Performance coefficients and ranks of the best close matches to the published motifs in three stagesa
| Transcription elements | Stage 1 | Stage 2 | Stage 3 |
|---|---|---|---|
| Analysis only in human species | Integration of comparative sequences analysis | Further refinement by negative set | |
| HNF-1 | 0.7 (5) | 0.73 (3) | 0.73 (3) |
| HNF-3 | 0.43 (9) | 0.58 (6) | 0.58 (2) |
| HNF-4 | 0.65 (3) | 0.74 (1) | 0.74 (1) |
| C/EBP | — | 0.44 (10) | 0.44 (6) |
aThe performance coefficients and the ranks (in parentheses) of the predicted motifs for the four liver-specific regulons. Each entry shows the highest performance coefficient among the 10 highest ranked predictions. An entry marked by ‘—’ indicates that MotifSeeker fails to find any motif with non-zero performance coefficient for the corresponding regulon within top 10.

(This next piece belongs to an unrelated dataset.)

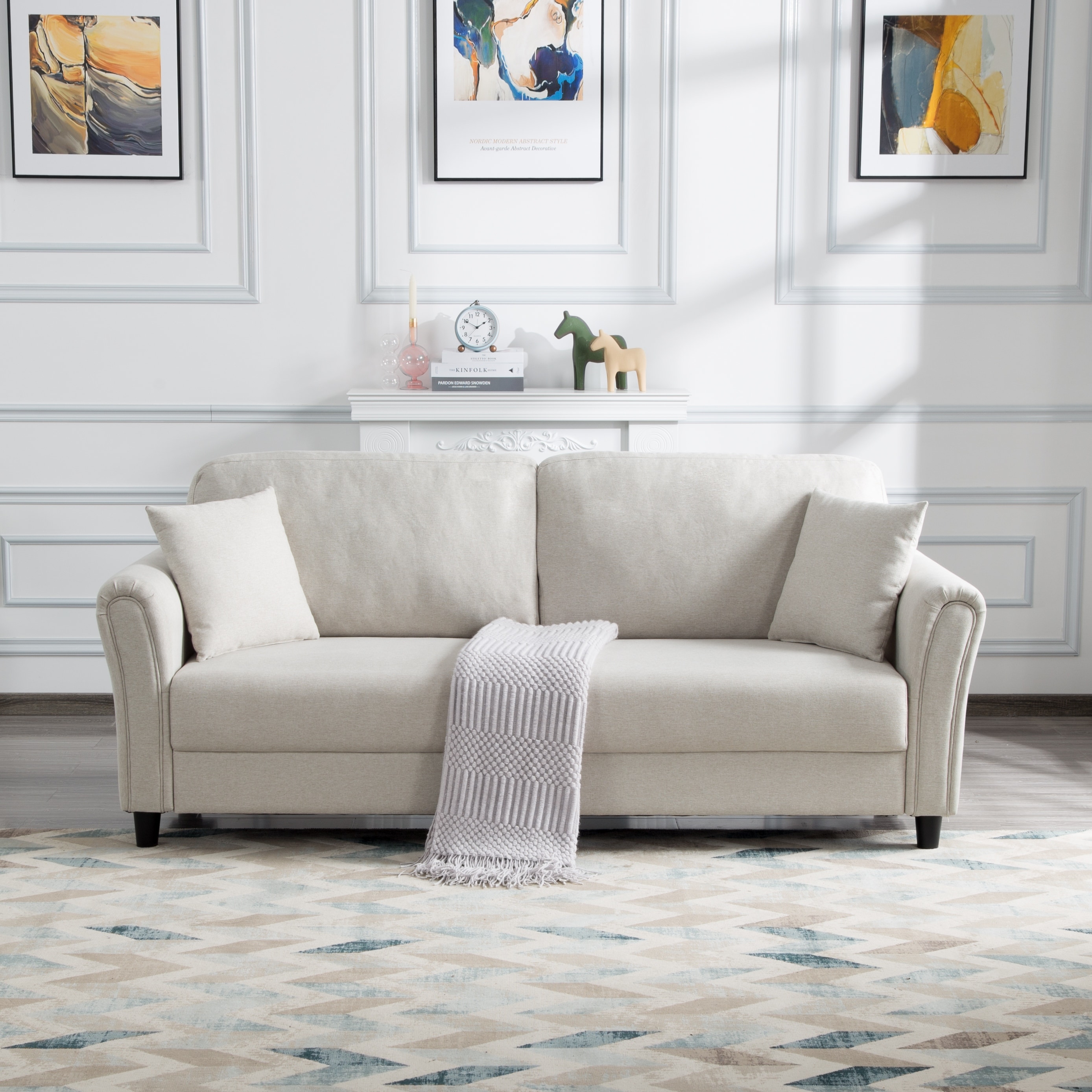 81.5 Inch Linen Fabric Sofa Couch Removable Cushions Rolled Arms - 81.5" x29.5"x 34.4"H

Figure 6The best close matches to the published HNF-1, HNF-3, HNF-4 and C/EBP motifs. The left column lists logos of the published motifs from JASPAR (). The published HNF-1, HNF-3 and HNF-4 motifs contain conserved sub-patterns DGTTAWD, TRTTKRY and HCTTTGBHM, respectively (IUPAC code D: A, T or G; W: A or T; R: A or G; Y: T or C; H: A, T or C; B: C, T or G; M: A or C). On the other hand, the published C/EBP motif is very weakly conserved. The right column lists logos of the corresponding best close matches from MotifSeeker without the proposed post-processes.